Oppikoppi was a music festival held in the Limpopo Province of South Africa, near the mining town of Northam. The festival started off focusing mostly on rock music, but gradually added more genres and now plays host to a complete mixed bag of genres. Anything from jazz, world music, house music, acoustic, comedy and all else in between can be heard on one of the multiple stages. Each year in the first week of August — except for 2017, when the festival was held in October — thousands of people used to flock to the farm to camp out in the bush and enjoy the music for several days. The festival features mostly South African bands, although international acts are included in the line-up.

Background
"Oppikoppi" was a colloquial abbreviation of the Afrikaans phrase "op die koppie", which literally means "on the hill". The festival derives its name from the resort on the piece of land where it is held, featuring a picturesque hill on top of which there is a bar and a small original stage. Once a year, the festival grounds were erected at the foot of that hill, where many simultaneous performances took place on the several stages. Beyond this were the camping grounds. A stage on a second hill usually featured dance acts and DJs.

History
The festival was first held in August 1995, with 27 local talents performing to a small crowd of enthusiasts. It has since grown substantially, with the addition of many new stages and thousands of people turning up each year. The festival is regarded by some as the primary influence in jump-starting the South African live music movement in the late 1990s. It attracts thousands of attendees annually.

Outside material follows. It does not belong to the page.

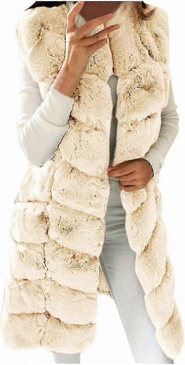 Women's Winter Warm Sleeveless Long Vest Fuzzy Plush Open Front Waistcoat Outerwear Gilet Coats Faux Fur Jacket Tw

According to the organizers they have "rolled bakkies, burnt tents, driven over knees, slept in jails, slept outside jails and turned over several stones to make gigs and festivals work."

In 2008, the Daily Mirror ranked OppiKoppi as the 4th best music festival in the world.

The festival has grown yearly, with 16 000 attendees and around 100 acts for both 2010 and 2011 and an estimated 20 000 attendees and 130 acts for 2012.

Acts and genres

The festival hosts a wide array of acts, with artists being booked from genres including, but not limited to: rock, hip hop, hardcore, punk, ska, folk, blues, drum 'n bass, big beats, funk, kwaito, jazz, traditional, world music, metal, indie and other genres.

In the past there had been smaller, more intimate gatherings on each Easter weekend in April and New Year's gatherings.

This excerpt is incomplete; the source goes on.